Again, the show uses Abed as a crutch for both plot mechanisms and jokes, and again it just doesn't work. From a plot perspective, the idea of Thanksgiving as a prison isn't a bad one, but the execution just doesn't connect. We don't see enough of the Thanksgiving to sympathize with the characters being trapped, and the episode rushes too quickly to the parody to allow any of the jokes to connect as anything more than "I see what you did there." Abed's narration makes all of these issues strikingly clear: the jokes don't land, and the emotions seem totally forced.

"Cooperative Escapism" is an attempt by the new show to do a big, strong, emotional episode, and it just didn't connect with me emotionally. Jeff's father felt pretty phoned in, from a character perspective, and the stuff on Shirley's end wasn't developed enough to land. As for comedy, Willy Jr. was a travesty, and the Shawshank stuff was forced and clunky. This is another subpar episode; it isn't as disappointing as some of what we've seen so far, but it is trying to do more, and failing to connect. It isn't all that funny, which I could accept, but in addition, the emotional material just doesn't work like it should. What disappoints me most is that the show played one of the biggest cards its kept up its sleeve, and instead of being a legendary episode, what it came up with was flawed and forgettable. In other words, "Cooperative Escapism" is par for the course for the new version of Community, a show I feel increasingly alienated from.
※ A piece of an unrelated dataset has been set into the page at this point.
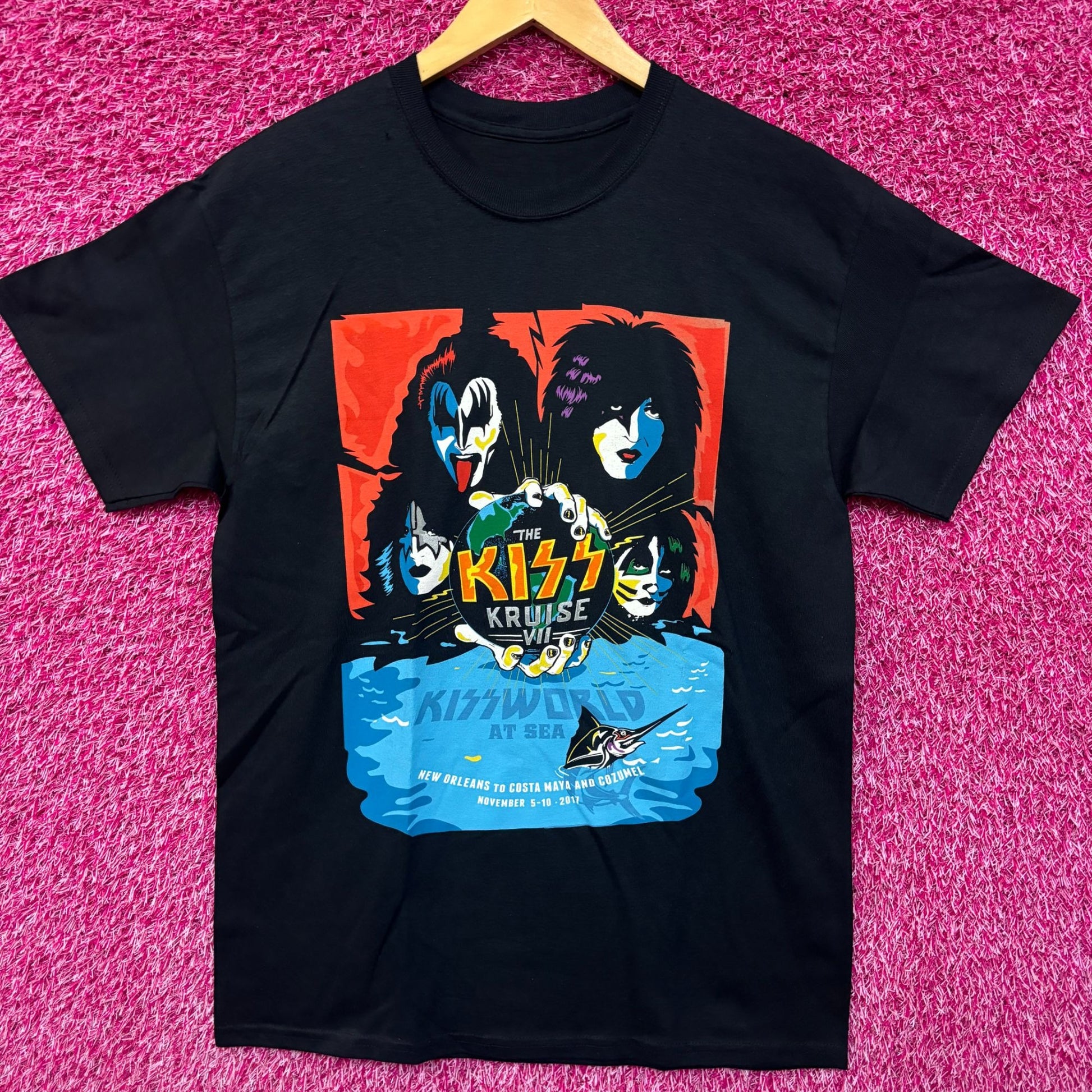 Kiss Kruise Kiss World at Sea rock tshirt Medium. generally measures 18 inches pit to pit and 28 inches long never worn first hand overstock great condition with an amazing one of a kind graphic for fans of the rock band Kiss has a hole

I'm trying to give it a chance, but what I'm seeing is a shadow of the show's former glory, and is subpar even on its own merits. If this is what Community looks like going forward, I don't imagine I'll be around next season, if it even makes it that long. And I am beginning to hope it doesn't.

Grade: C

Notes:

-"The only one who is going to get messy and emotional is Troy when he realizes there are yams under those marshmallows." "I KNEW it was too good to be true."

-"I feel like I'm in jail. And you know what happens to guys like me in jail. They get really into push ups, and I am fine with my upper body strength!"

-"Show me on the dinner roll where you're hurt!"

-"Shirley! We were just..." "About to..." "Eat garbage dip! Why did I have to go third?"

-"I drew a map of your house on my stomach." "I know what my house looks like." "That's what I said!"